Data records:
===============
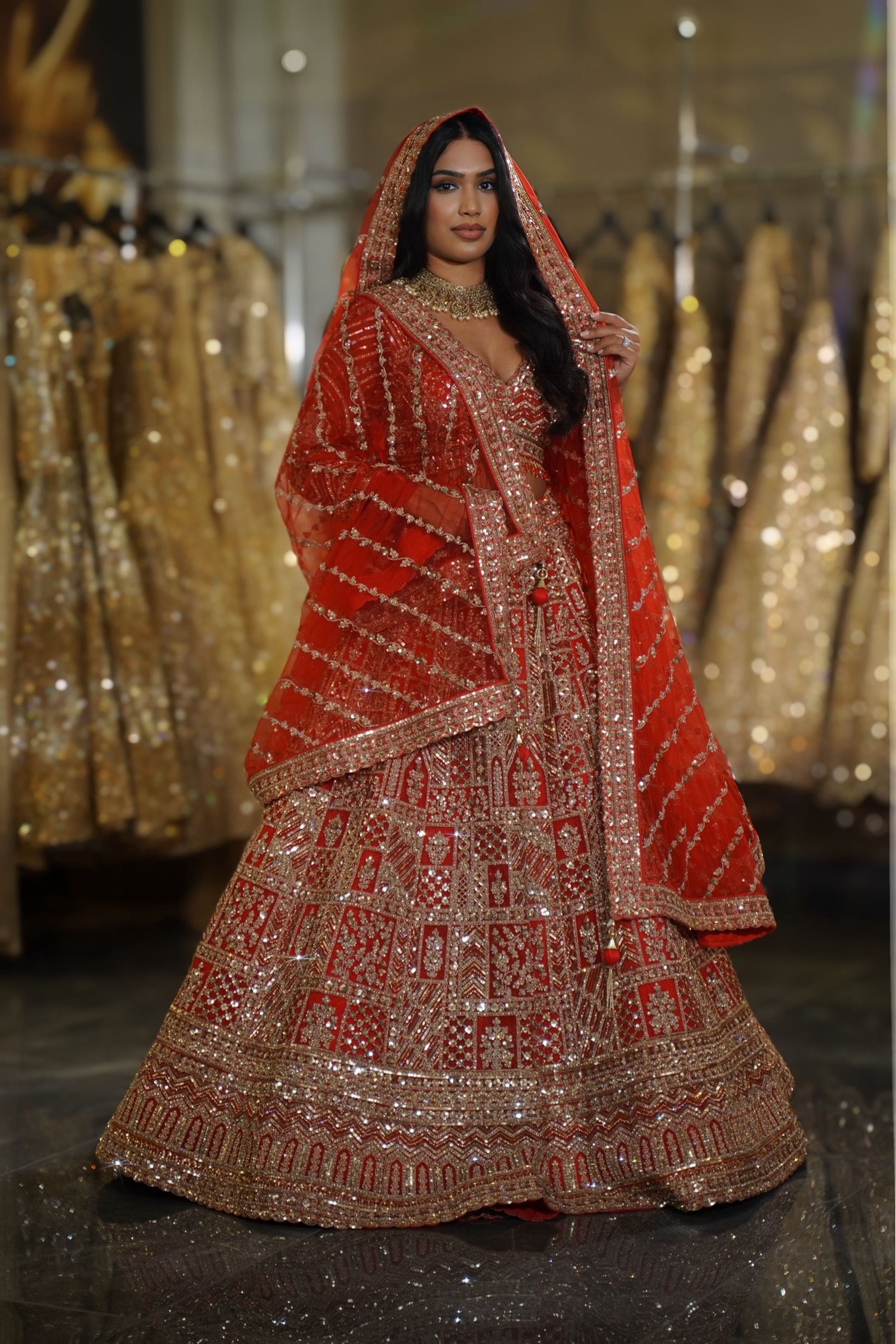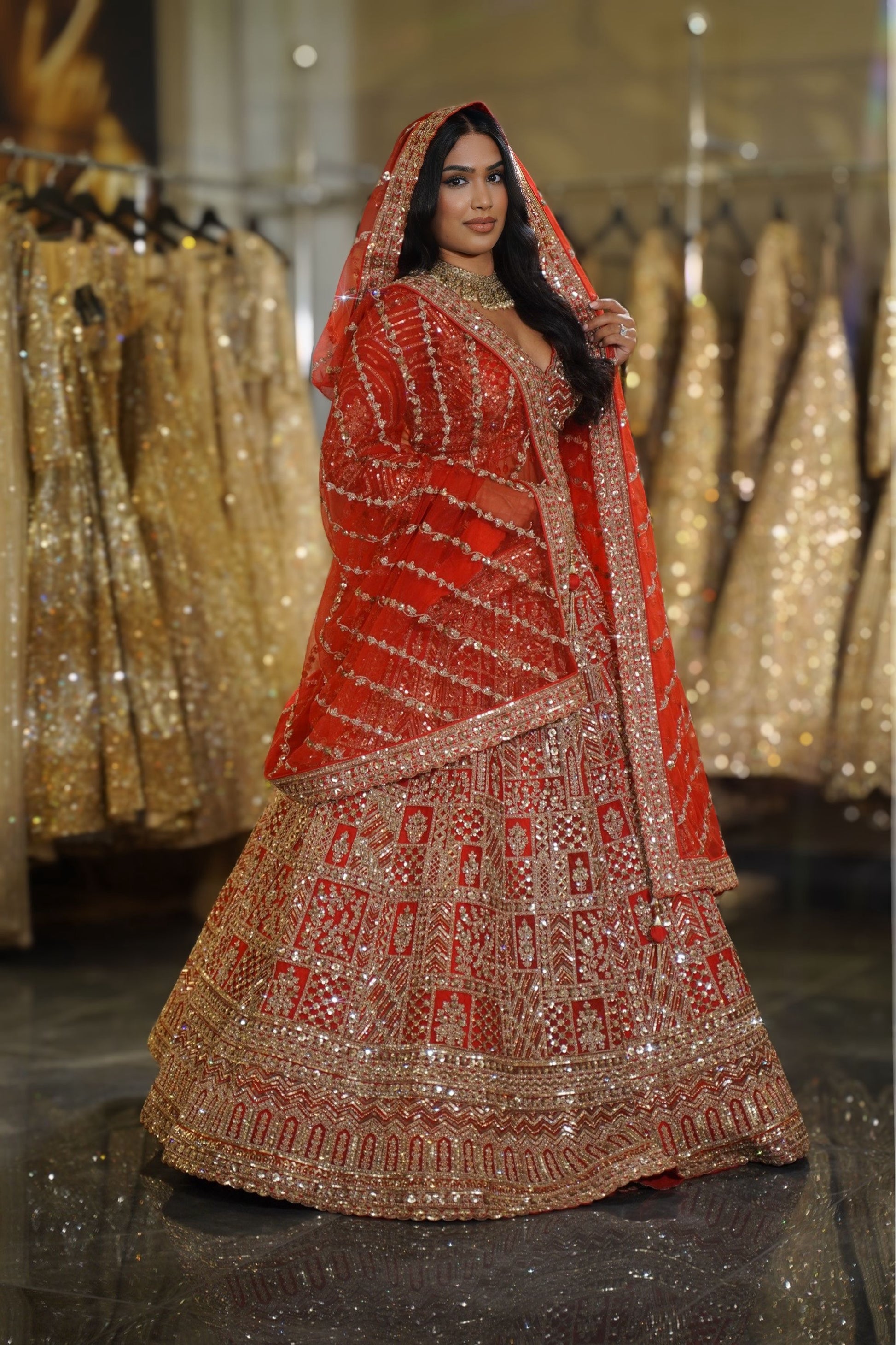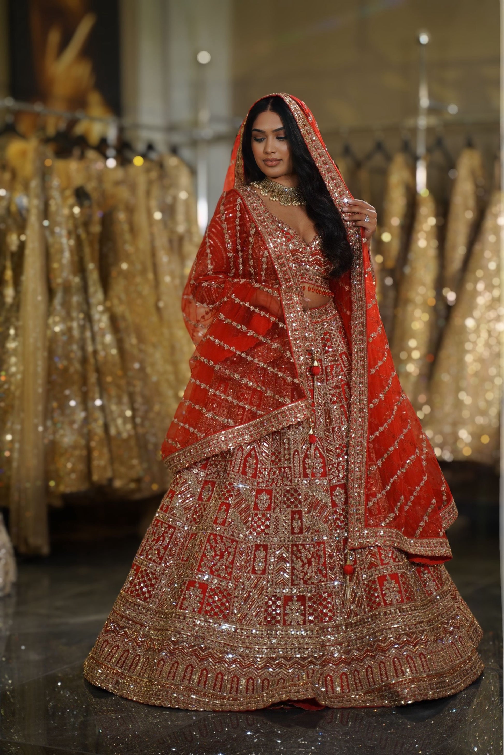 The vibrant bright red hue is the quintessential bridal color, ensuring you look the part of the traditional Indian bride with a majestic presence.
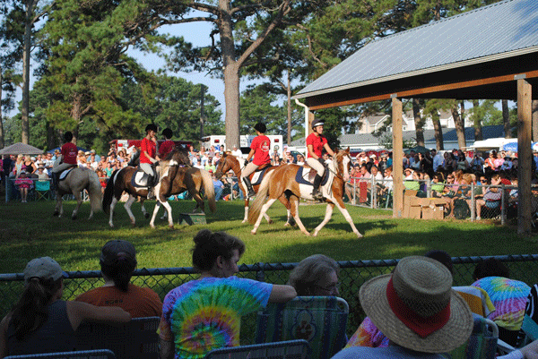 The Chincoteague Pony Centre gives visitors an opportunity to learn about the famous ponies and interact with them. It is home to the largest herd of Misty-family ponies and to many veterans of the annual swim that the wild ponies make from nearby Assateague Island. During the summer, the facility offers rides, lessons, a day camp and a nighttime show where spectators get to meet ponies and riders and watch them perform. Each evening the ponies demonstrate their versatility and athleticism as they complete a challenging obstacle course in the timed showcase event, the Extreme Chincoteague Pony Race. I was looking forward to being part of it all.
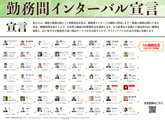 本宣言は、勤務終了時間から翌日の勤務開始時間までに11時間の休息を確保する勤務間インターバルの制度導入に賛同する企業や自治体などを2022年3月から当社が募集、56社(※2) が賛同しています。
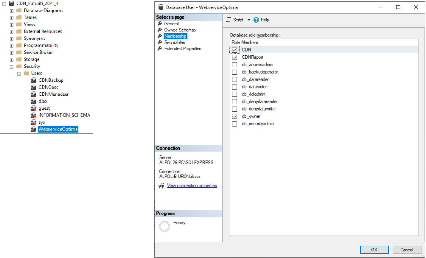 USE [CDN_KNF_Konfiguracja_2021_4]ALTER ROLE [CDN] ADD MEMBER [WebserviceOptima];
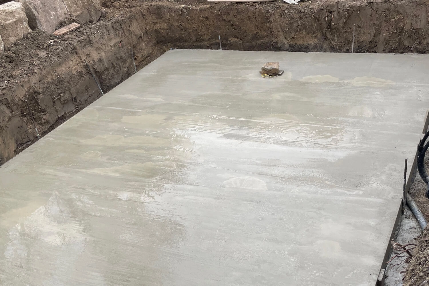 Terrassement, ferraillage, béton, gravier, main-d’œuvre.
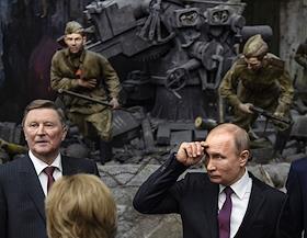 Торжественная церемония открытия всероссийской акции "Вахта памяти - 2019" прошла в Центральном музее Великой Отечественной войны (Музей Победы) на Поклонной горе. Специальный представитель президента России по вопросам природоохранной деятельности, экологии и транспорта Сергей Иванов (слева) и президент России Владимир Путин (справа) во время осмотра экспозиции музея.
===============
Write out the records above exactly. Begin with the first line, end with the line holding "本宣言は、勤務終了時間から翌", and drop the pictures.

COMPLETED EXERCISE:
 The vibrant bright red hue is the quintessential bridal color, ensuring you look the part of the traditional Indian bride with a majestic presence.
 The Chincoteague Pony Centre gives visitors an opportunity to learn about the famous ponies and interact with them. It is home to the largest herd of Misty-family ponies and to many veterans of the annual swim that the wild ponies make from nearby Assateague Island. During the summer, the facility offers rides, lessons, a day camp and a nighttime show where spectators get to meet ponies and riders and watch them perform. Each evening the ponies demonstrate their versatility and athleticism as they complete a challenging obstacle course in the timed showcase event, the Extreme Chincoteague Pony Race. I was looking forward to being part of it all.
 本宣言は、勤務終了時間から翌日の勤務開始時間までに11時間の休息を確保する勤務間インターバルの制度導入に賛同する企業や自治体などを2022年3月から当社が募集、56社(※2) が賛同しています。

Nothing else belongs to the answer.